Shaping Theological Education through Global Conversation

I love being a Baptist, because being Baptist is all about freedom— freedom of worship, freedom of belief, freedom that’s for all people. Every January, I leave the cold lands of my Kentucky home and return to the place where Baptists began. 

Amsterdam is a city less for known Baptist history and more for abnormal coffee shops. It is here where I gather annually with believers from around the world to share research and engage in global issues and challenges. 

The International Baptist Studies Centre (IBTS) has a long history of providing theological education for faith leaders in countries around the globe. Located on the west side of the city, research colleagues travel from all around the world for the annual Colloquium, hosting conversations among scholars.

IBTS is a research community for the global church, a place for holy colloquy. This week, we gathered once again to engage in conversations on a global scale that touch our academic and ecclesial context. IBTS is one of the few Baptist communities that lives out the true nature of being Baptist. 

Baptists create space for freedom of thought, belief and practice. Getting out of the country is a privilege in itself. 

Studying abroad every year is even more so. It is in this global Baptist community that I become fully aware of the privilege I have as an American. 

Don’t get me wrong, I love being an American. America is all about freedom— freedom of religion, freedom of speech, freedom that’s supposed to be for all people. 

However, I’ve learned that as an American and a white person, I often arrogantly take these freedoms for granted. As a white American, it can be difficult to engage in a global conversation while sitting in the comfort of a coffee house where lattes cost more than an hourly wage in many countries. 

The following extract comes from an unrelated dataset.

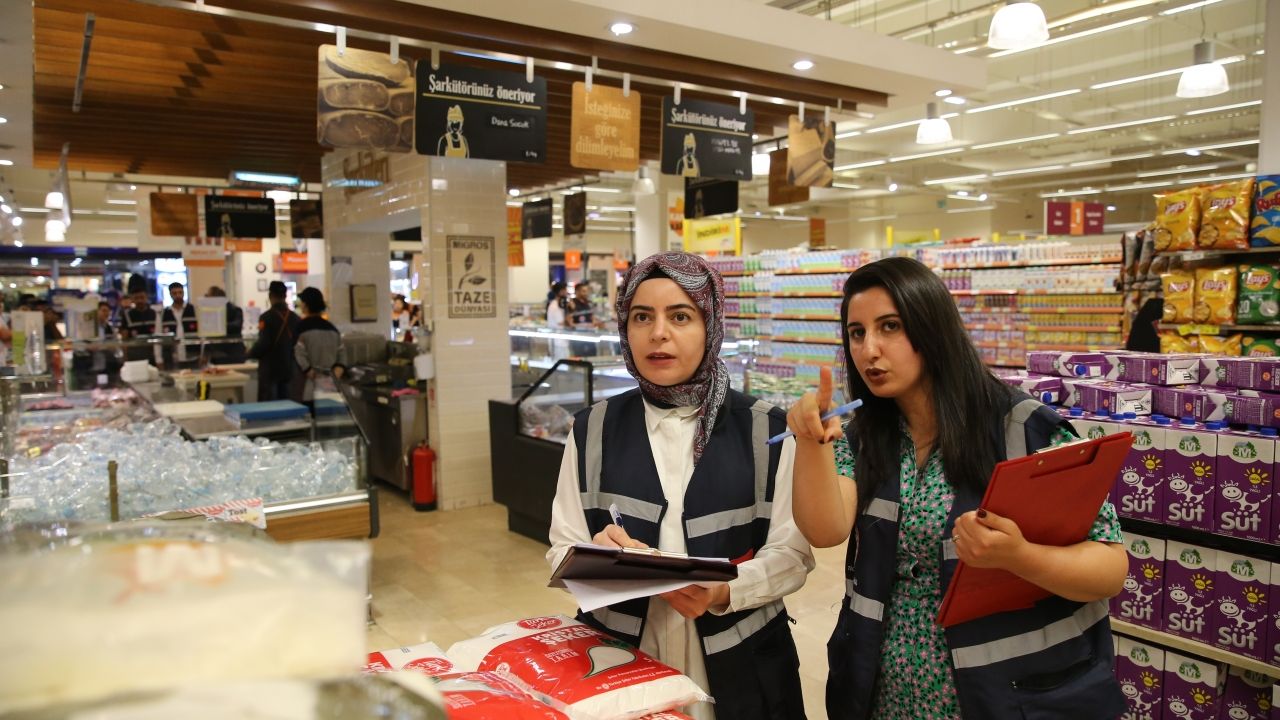 Bu ürünlerin etiketlerini inceleyen ekipler, ürünün birim ve stok fiyatını, fiyatın uygulanmaya başladığı tarihi ve menşeni kontrol etti.
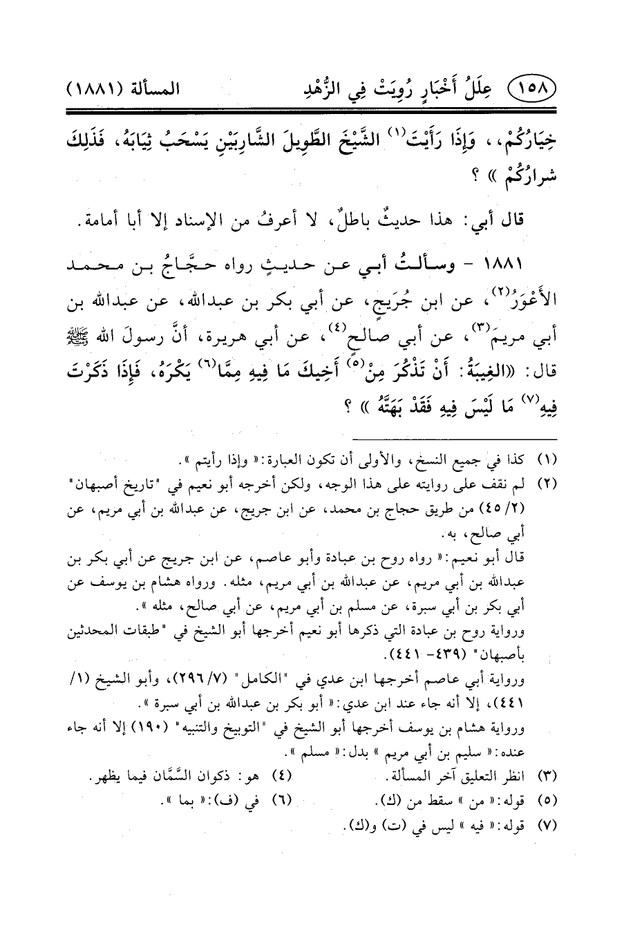 عَنِ ابْنِ جُرَيجٍ، عَنْ أَبِي بَكْرِ بْنِ عبد الله، عن عبد الله بْنِ أَبِي مريمَ (٣) ، عَنْ أَبِي صالحٍ (٤) ، عَنْ أَبِي هُرَيْرَةَ، أنَّ رسولَ الله (ص) قَالَ: الغِيبَةُ: أَنْ تَذْكُرَ مِنْ (٥) أَخِيكَ مَا فِيهِ مِمَّا (٦) يَكْرَهُ، فَإِذَا ذَكَرْتَ فِيهِ (٧) مَا لَيْسَ فِيهِ فَقَدْ بَهَتَّهُ؟

As a white American, it is challenging to see beyond my own bias to what is going on around the world when I have been taught that the world revolves around me. It isn’t until I literally step beyond the blinding biosphere of my narrow world that I learn to see how big God really is. When I engage with global diverse thoughts and beliefs, I get to see the Holy Spirit do her best work, transforming lives.  

IBTS creates a path to step into holy, transformative conversations with sisters and brothers living faithfully around the world.  It is a holy place where talking about peace looks different with a colleague from Lebanon. It is a sacred space where understanding war looks different when you listen to a theologian from Ukraine and a pastor from Russia. 

This is a community engaging in transformative conversations about justice and reconciliation from womanist, Jewish and Muslim scholars. Year after year, my eyes are opened when I show up at the Baptist House in Amsterdam. 

Year after year, my mind is transformed when I hear about the scholarly work from my global colleagues. Year after year, my spirit is renewed when I hear testimonies of the transformative work of the Holy Spirit in churches around the world. 

As a Baptist pastor and American doctoral student, I am so grateful that IBTS is shaping theological education by engaging in global conversation.